◆ **WORK INSTRUCTIONS**: Write out each entry below exactly. Do not include the images.

(Collected data)
== Segment start ==
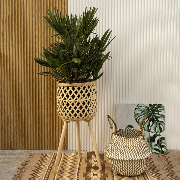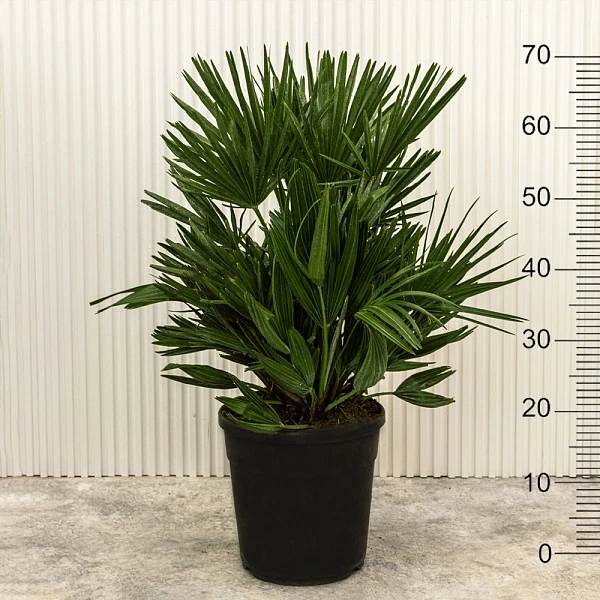 Кустарниковая пальма с красивыми веерными листьями с серебристым оттенком с обратной стороны, отличающаяся медленным ростом и необычной формой кроны. Требует большое количество яркого света, опрыскивание, регулярный полив. В зимнее время температура содержания не выше +15℃. При холодной зимовке полив проводится не чаще двух раз в месяц.
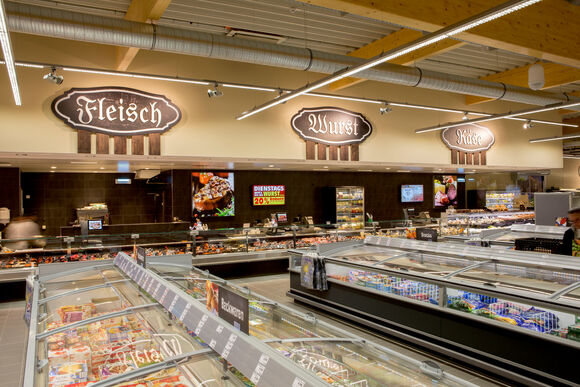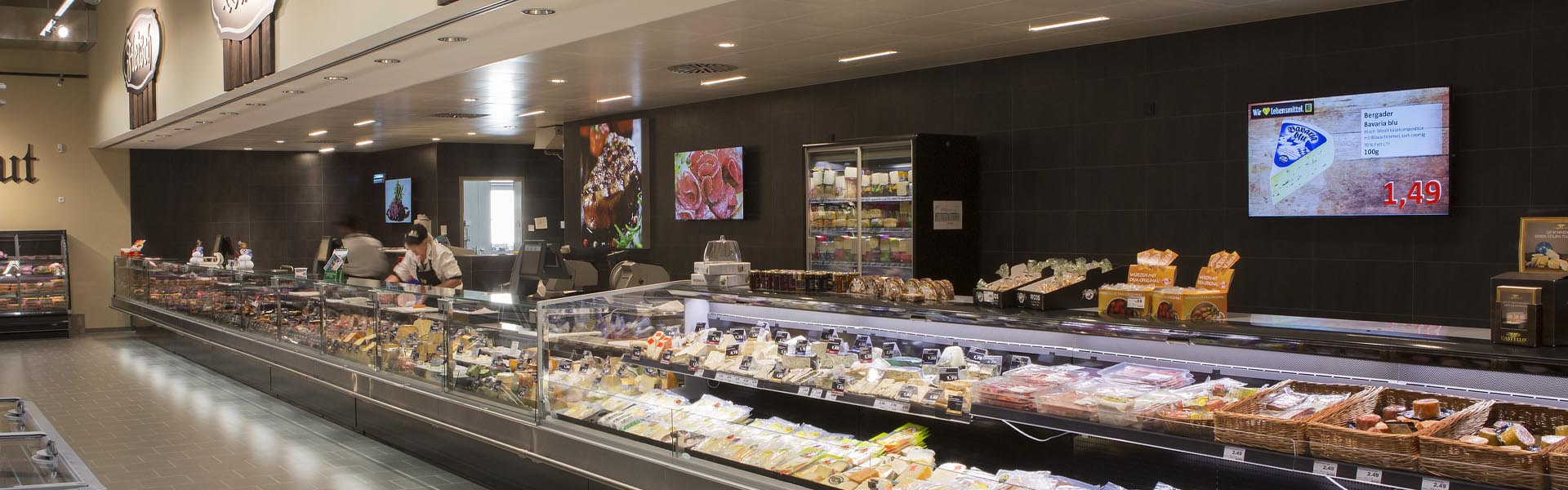 A Kampmann Airblock FG is used for a very special purpose in Haselünne. The slim-line unit for heating, cooling, ventilating and filtering is used in the EDEKA supermarket to provide hygienic screening for the fresh food counter. Air is drawn in behind the counter and discharged with positive pressure through ventilation slots in front of the counter. The comfortable warmth generated by a Tandem door air curtain welcomes customers in at the entrance to the supermarket, where two attractive Ultra unit heaters are also fitted. A TOP unit heater is responsible for efficiently generating heat in the store rooms.
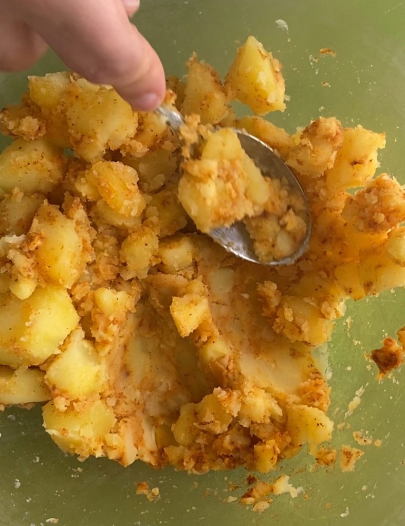 • Die Kartoffeln abgießen und mit dem Knoblauch und Paprikapulver vermengen, mit einer Gabel zerdrücken und abkühlen lassen.
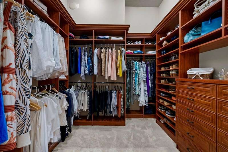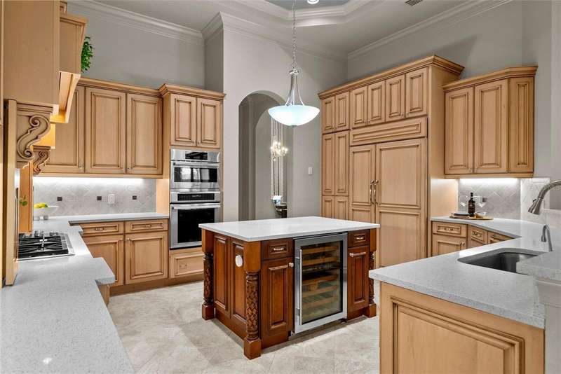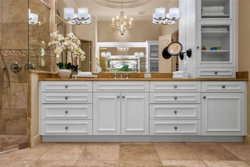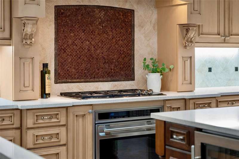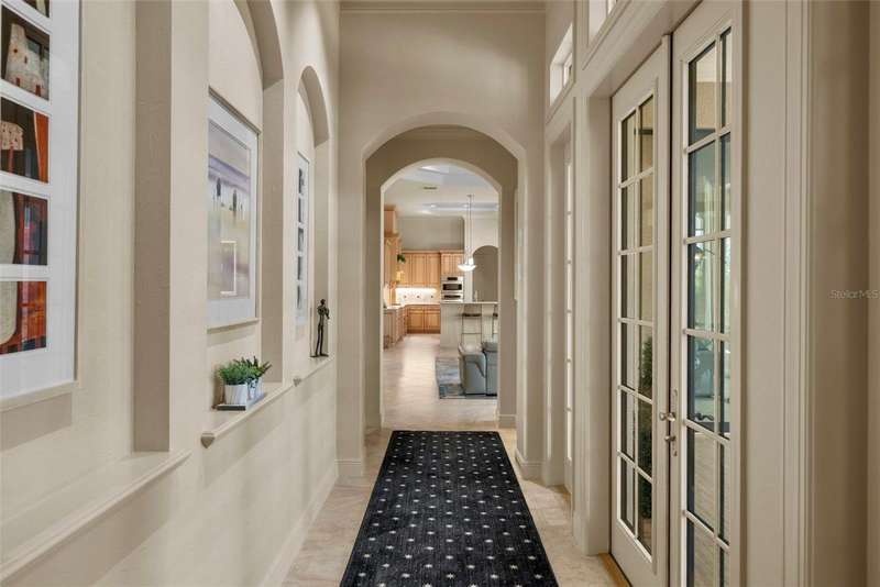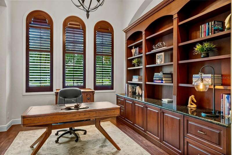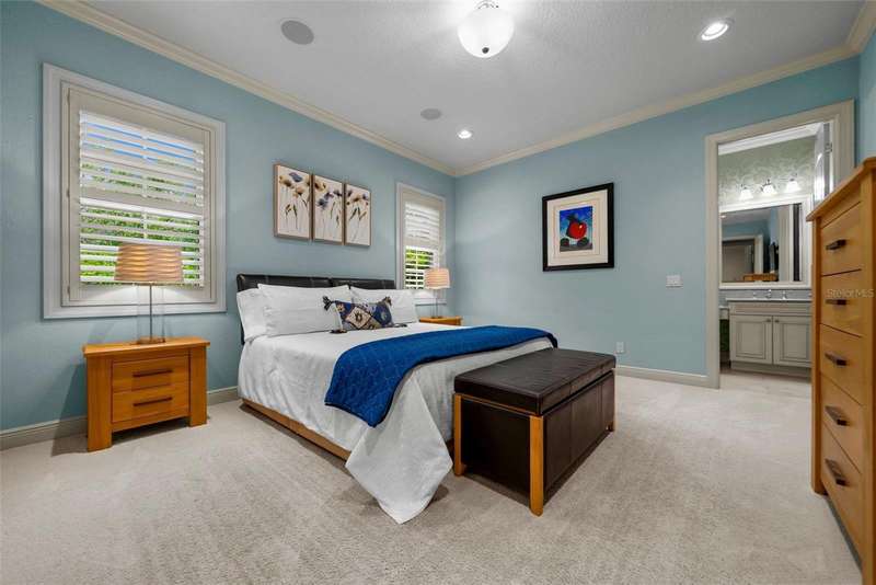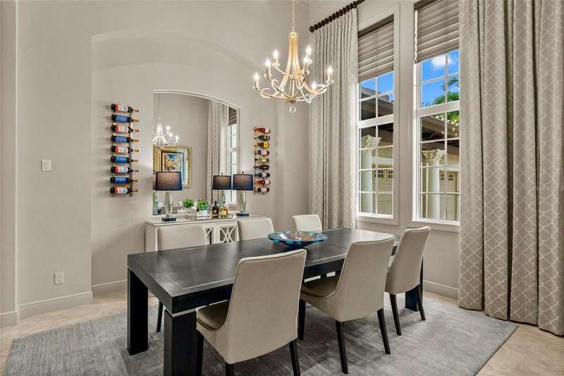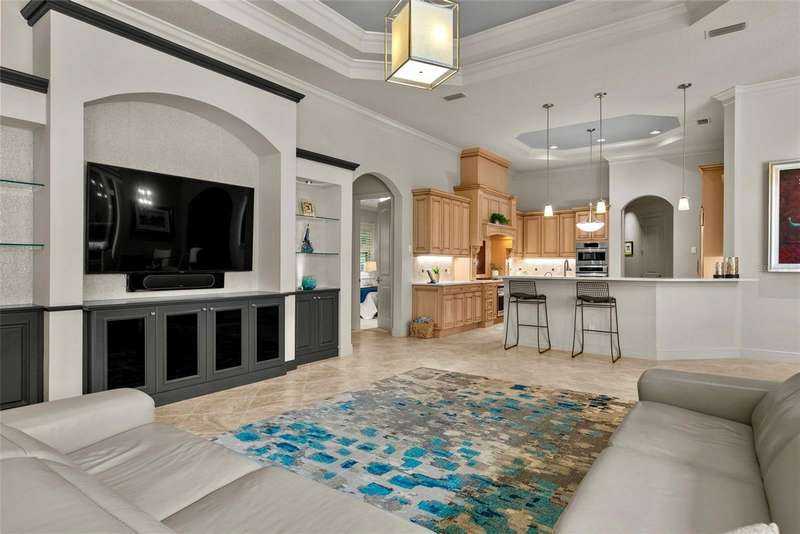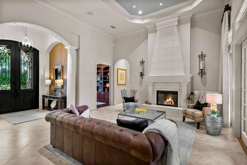 This spectacular Lakewood Ranch Country Club residence built by John Cannon—offering three bedrooms and three-and-a-half baths—is perfectly situated on an estate-sized corner homesite of more than three-quarters of an acre, surrounded by pristine gardens and lush landscaping. Upon arrival, you’re greeted by magnificent iron doors that open into a grand, open-layout living area where tray ceilings, crown moldings, and beautiful French doors frame a dramatic floor-to-ceiling stone fireplace, setting a tone of refined elegance. The gourmet kitchen is both beautiful and functional, boasting striking wood cabinetry, gleaming quartz countertops, and high-end appliances that include Wolf and Thermador ovens, a Sub-Zero refrigerator, and a built-in wine cooler. Whether you’re preparing a casual meal or hosting an elaborate dinner party, this kitchen delivers performance and style in equal measure. Entertainment reaches new heights in the state-of-the-art home theater, where a 128-inch curved masking screen by Stewart Screens, 4K Sony projector, and invisible in-wall Klipsch surround-sound system immerse you in every scene, while plush leather recliners ensure ultimate comfort. When it’s time to unwind, the expansive master suite awaits, complete with custom closets and a spa-inspired bath featuring a frameless glass shower, deep soaking tub, and dual vanities. Two additional guest suites, each with their own private bathroom, offer luxury and privacy for visitors. Step outside to discover a 2,200-square-foot screened lanai laid in gorgeous wood-look tile planks, where a saltwater pool and spa invite refreshing dips and relaxation. An outdoor kitchen provides the perfect backdrop for alfresco dining and social gatherings. Meticulous construction details—including foam insulation, a Generac backup generator, and LED lighting controlled by an integrated Crestron smart home system—ensure comfort, efficiency, and peace of mind. The climate-controlled third garage adds practical convenience, rounding out a home that truly defines country club living at its finest....
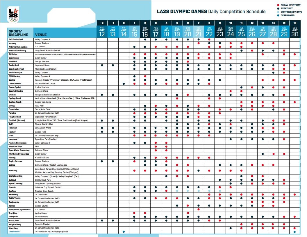 Оргкомитет летней Олимпиады-2028 опубликовал расписание соревнований
== Segment end ==
◆ **SOLUTION FOR THIS EXERCISE**:
 Кустарниковая пальма с красивыми веерными листьями с серебристым оттенком с обратной стороны, отличающаяся медленным ростом и необычной формой кроны. Требует большое количество яркого света, опрыскивание, регулярный полив. В зимнее время температура содержания не выше +15℃. При холодной зимовке полив проводится не чаще двух раз в месяц.
 A Kampmann Airblock FG is used for a very special purpose in Haselünne. The slim-line unit for heating, cooling, ventilating and filtering is used in the EDEKA supermarket to provide hygienic screening for the fresh food counter. Air is drawn in behind the counter and discharged with positive pressure through ventilation slots in front of the counter. The comfortable warmth generated by a Tandem door air curtain welcomes customers in at the entrance to the supermarket, where two attractive Ultra unit heaters are also fitted. A TOP unit heater is responsible for efficiently generating heat in the store rooms.
 • Die Kartoffeln abgießen und mit dem Knoblauch und Paprikapulver vermengen, mit einer Gabel zerdrücken und abkühlen lassen.
 This spectacular Lakewood Ranch Country Club residence built by John Cannon—offering three bedrooms and three-and-a-half baths—is perfectly situated on an estate-sized corner homesite of more than three-quarters of an acre, surrounded by pristine gardens and lush landscaping. Upon arrival, you’re greeted by magnificent iron doors that open into a grand, open-layout living area where tray ceilings, crown moldings, and beautiful French doors frame a dramatic floor-to-ceiling stone fireplace, setting a tone of refined elegance. The gourmet kitchen is both beautiful and functional, boasting striking wood cabinetry, gleaming quartz countertops, and high-end appliances that include Wolf and Thermador ovens, a Sub-Zero refrigerator, and a built-in wine cooler. Whether you’re preparing a casual meal or hosting an elaborate dinner party, this kitchen delivers performance and style in equal measure. Entertainment reaches new heights in the state-of-the-art home theater, where a 128-inch curved masking screen by Stewart Screens, 4K Sony projector, and invisible in-wall Klipsch surround-sound system immerse you in every scene, while plush leather recliners ensure ultimate comfort. When it’s time to unwind, the expansive master suite awaits, complete with custom closets and a spa-inspired bath featuring a frameless glass shower, deep soaking tub, and dual vanities. Two additional guest suites, each with their own private bathroom, offer luxury and privacy for visitors. Step outside to discover a 2,200-square-foot screened lanai laid in gorgeous wood-look tile planks, where a saltwater pool and spa invite refreshing dips and relaxation. An outdoor kitchen provides the perfect backdrop for alfresco dining and social gatherings. Meticulous construction details—including foam insulation, a Generac backup generator, and LED lighting controlled by an integrated Crestron smart home system—ensure comfort, efficiency, and peace of mind. The climate-controlled third garage adds practical convenience, rounding out a home that truly defines country club living at its finest....
 Оргкомитет летней Олимпиады-2028 опубликовал расписание соревнований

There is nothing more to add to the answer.